Umphrey's McGee | 12.29 - 12.31 | IL

Words by: Cal Roach | Images by: Chad Smith

Umphrey's McGee :: 12.29 - 12.31 :: The Vic Theatre & Aragon Ballroom :: Chicago, IL

For many music fans, the only way to end a year is in the company of their favorite band. Champagne, balloons and "Auld Lang Syne" are the only guarantees, but you can generally expect some sort of shenanigans. Sometimes the gimmicky nature of the holiday run can leave fans wanting more, but 2009 has seen Umphrey's McGee continue to dispense with silliness and concentrate on music as the group's profile keeps rising.

12.29 | The Vic Theatre

Umphrey's McGee :: 12.29 :: Chicago
Night one at the intimate Vic Theatre was dubbed "Throwback Night," featuring only vintage merch, and only one song from the band's latest album, Mantis (SCI Fidelity), made it into the show, but the music was decidedly forward-looking in terms of performance. UM has roots in the technicality of prog rock and carefully orchestrated improv, but this year has seen more and more experimental jamming with less focus on the specific confines of the method referred to as "Jimmy Stewart."

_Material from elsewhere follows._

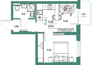 Продаётся 2-комнатная квартира в строящемся доме (Дом 1), срок сдачи: II-кв. 2027, общей площадью 31.08 кв.м., на 5 этаже. Новый жилой комплекс "Уральский сад" от застройщика "ГК Страна Девелопмент" расположен по адресу: г. Екатеринбург, посёлок Совхозный, Комбинатская улица.

To wit: the second jam of this first-set "Front Porch." Following a fairly standard yet high-octane blues rock guitar duel between Jake Cinninger and Brendan Bayliss, the band dropped back into the song proper. Then, beginning as a mellow, tweeky jam, it built steadily and joyously without delay. Nothing complicated, but it was a thrilling full-band wave of fizzy, percolating energy, one of those swell-to-bursting jams (with some amazing light work by mastermind Jeff Waful), where nobody's the star but everybody's riding the same cosmic wave. Drummer Kris Myers couldn't even keep up with his own excitement at times, but it only added to the giddy suspense. It was creativity purely outside of any predetermined order, and it slew the crowd.

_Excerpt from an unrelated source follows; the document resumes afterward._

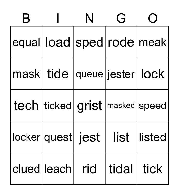 This bingo card has a free space and 24 words: quest, leach, queue, clued, meak, equal, mask, load, masked, jest, jester, tech, list, listed, tide, tidal, speed, sped, lock, ticked, tick, locker, rode and rid.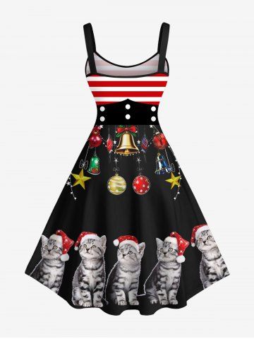 Plus Size Christmas Ball Bell Star Hat Cats Print Tank Dress - Black - L

This show was full of highlights, from the charging disco-metal showcase of the first set (as Cinninger and Bayliss kept outdoing each other through "In The Kitchen," "40s Theme" and "JaJunk") to the segue madness of set two. Opening with a dizzying mashup of "Pay The Snucka," "Mantis" and "Mantis Ghetts," the band encapsulated virtually everything it's good at in one long stretch, drifting in and out of the different tracks with ease. Cinninger was on a Slash-esque tear, and Joel Cummins pumped out tons of spacey organ goo. "Nothing Too Fancy" was epic, the song drifting from Police-meets-The Orb echoscape to a "Don't Fear The Reaper" jam, after which Cinninger just tore the thing wide open in a fury. It then descended into a dub workout before picking up speed again essentially as Pink Floyd's "On The Run," or an obvious facsimile thereof. Here, Myers redeemed himself, switching between beats with astonishing speed and accuracy while holding the whole thing together. It was a thing of beauty.

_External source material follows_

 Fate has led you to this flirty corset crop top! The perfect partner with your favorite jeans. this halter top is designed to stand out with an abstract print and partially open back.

The set closed with a second-ever take on one of UM's infamous Halloween mashups, this one a combo of "Fat-Bottomed Girls," "Good Times Bad Times" and UM's own "Nemo," in a move that underscored the band's ability to temper its predilection for calculated aggression with lightheartedness, but with much more resonance than playing, say, "Sister Christian." The encore was vintage: "Nopener," a sick, snarling puppy, and a debut of the Joe Higgs reggae standard "Steppin' Razor," which drifted into the reprise of "Nothing." Front to back, this was the best show of the run.

12.29.09 :: The Vic Theatre :: Chicago, IL
Set I: Andy's Last Beer, Walletsworth, In the Kitchen, 40's Theme, Front Porch*, The Floor, JaJunk
Set II: Preamble > Mantis Ghetts > Pay the Snucka > Mantis > Mantis Ghetts > Mantis > Pay the Snucka, Partyin' Peeps > Nothing Too Fancy**, Nemo's Fat Bottomed Good Times
E: Nopener, Steppin' Razor$ > Nothing Too Fancy
* with Little Drummer Boy tease
** with Don't Fear the Reaper tease
$ first time played, Joe Higgs (Peter Tosh)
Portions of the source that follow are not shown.